This November, we celebrate Native American Heritage Month, recognizing the history of those who occupied the land before us, and appreciating their culture as it is today. Did you know that hundreds of years ago, the Piscataway Native Americans lived on the land that is now Camp Winona?
In the late 1600s, the Piscataway Native Americans were forced out by English colonizers and neighboring tribes, causing some Piscataway to flee to Northern Virginia and Pennsylvania. However, many tribe members remained and settled in throughout Southern Maryland in communities once occupied by the tribe, including nearby La Plata and Brandywine. Today, the Piscataway Conoy Tribe, located in Southern Maryland, is one of the only two officially recognized indigenous Native American groups in Maryland.

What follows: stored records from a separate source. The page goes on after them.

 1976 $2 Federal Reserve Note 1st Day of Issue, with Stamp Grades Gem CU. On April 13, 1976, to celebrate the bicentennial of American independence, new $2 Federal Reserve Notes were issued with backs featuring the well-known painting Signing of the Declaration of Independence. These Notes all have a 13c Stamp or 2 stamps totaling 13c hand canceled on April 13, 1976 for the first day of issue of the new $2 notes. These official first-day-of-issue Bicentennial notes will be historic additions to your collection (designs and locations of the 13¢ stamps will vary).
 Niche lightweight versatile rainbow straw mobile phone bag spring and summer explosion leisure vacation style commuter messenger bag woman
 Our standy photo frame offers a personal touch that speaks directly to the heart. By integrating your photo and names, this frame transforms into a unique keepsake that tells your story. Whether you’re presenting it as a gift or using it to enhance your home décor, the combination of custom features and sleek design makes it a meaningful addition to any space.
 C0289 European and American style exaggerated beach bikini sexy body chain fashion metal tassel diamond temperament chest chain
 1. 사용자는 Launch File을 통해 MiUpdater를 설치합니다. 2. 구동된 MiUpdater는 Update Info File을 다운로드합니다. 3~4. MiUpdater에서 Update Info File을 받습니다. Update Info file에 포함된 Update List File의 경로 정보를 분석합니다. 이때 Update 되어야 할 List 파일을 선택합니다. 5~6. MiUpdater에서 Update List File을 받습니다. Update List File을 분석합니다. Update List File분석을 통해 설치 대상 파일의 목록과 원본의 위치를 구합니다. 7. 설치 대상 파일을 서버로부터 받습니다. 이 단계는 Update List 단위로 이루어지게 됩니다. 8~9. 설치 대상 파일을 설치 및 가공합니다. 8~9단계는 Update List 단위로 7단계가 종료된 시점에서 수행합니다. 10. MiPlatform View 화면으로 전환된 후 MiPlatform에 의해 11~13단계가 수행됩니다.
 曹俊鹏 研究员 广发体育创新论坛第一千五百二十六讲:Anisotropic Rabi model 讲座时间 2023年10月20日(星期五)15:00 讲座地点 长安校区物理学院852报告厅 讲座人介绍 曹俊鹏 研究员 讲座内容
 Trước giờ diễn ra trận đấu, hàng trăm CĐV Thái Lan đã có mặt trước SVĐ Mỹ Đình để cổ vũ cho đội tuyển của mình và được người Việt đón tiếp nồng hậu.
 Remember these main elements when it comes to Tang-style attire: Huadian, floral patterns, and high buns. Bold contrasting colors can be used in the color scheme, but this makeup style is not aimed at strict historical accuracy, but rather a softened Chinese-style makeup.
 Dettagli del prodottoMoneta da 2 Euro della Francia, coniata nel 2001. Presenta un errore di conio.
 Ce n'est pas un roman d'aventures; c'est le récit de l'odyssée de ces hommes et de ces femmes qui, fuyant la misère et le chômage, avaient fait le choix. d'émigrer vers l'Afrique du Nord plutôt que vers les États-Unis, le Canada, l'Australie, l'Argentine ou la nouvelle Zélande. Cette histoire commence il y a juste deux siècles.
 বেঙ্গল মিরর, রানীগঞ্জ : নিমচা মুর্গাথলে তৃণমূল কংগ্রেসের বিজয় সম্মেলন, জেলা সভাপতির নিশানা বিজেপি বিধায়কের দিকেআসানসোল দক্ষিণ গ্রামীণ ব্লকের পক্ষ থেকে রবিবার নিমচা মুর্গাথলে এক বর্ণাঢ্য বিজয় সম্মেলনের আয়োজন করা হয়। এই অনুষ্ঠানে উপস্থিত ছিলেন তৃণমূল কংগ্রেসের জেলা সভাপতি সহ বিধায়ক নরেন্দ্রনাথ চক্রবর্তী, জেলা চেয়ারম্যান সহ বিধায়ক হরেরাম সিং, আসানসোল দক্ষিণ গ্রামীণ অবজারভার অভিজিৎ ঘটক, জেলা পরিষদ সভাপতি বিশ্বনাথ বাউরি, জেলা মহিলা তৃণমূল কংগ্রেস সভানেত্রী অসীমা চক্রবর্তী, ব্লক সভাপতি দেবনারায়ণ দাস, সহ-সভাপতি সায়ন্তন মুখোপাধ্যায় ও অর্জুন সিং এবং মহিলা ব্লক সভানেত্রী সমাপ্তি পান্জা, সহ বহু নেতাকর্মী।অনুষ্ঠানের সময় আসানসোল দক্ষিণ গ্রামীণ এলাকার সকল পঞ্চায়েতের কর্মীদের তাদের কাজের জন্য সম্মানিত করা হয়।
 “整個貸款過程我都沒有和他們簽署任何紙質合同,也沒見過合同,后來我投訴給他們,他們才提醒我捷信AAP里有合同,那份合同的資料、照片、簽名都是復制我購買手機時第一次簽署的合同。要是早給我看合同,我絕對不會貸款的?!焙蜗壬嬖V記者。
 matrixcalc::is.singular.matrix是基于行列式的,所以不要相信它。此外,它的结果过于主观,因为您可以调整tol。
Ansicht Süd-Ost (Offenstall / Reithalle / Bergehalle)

Winona is not the only Girl Scout camp with Native American history. Camp Potomac Woods is located on 101 acres of land in Leesburg, VA, right off the Potomac River. The Manahoac Native Americans inhabited the area until the early 1700s when Europeans forced out Native Americans and claimed their land to establish the colony of Virginia. There are archaeological clues such as a stone outcrop along Priscilla's Trail, where arrowheads were chipped and a fish weir (fish trap) across the Potomac River at the mouth of Peace Creek, which is still present today. Though the land passed through several generations before being acquired by Girl Scouts, it is important to recognize the stories of those who came before us. We continue to honor the rich history of our camps and appreciate that so many Girl Scouts have been able to learn about them in decades since.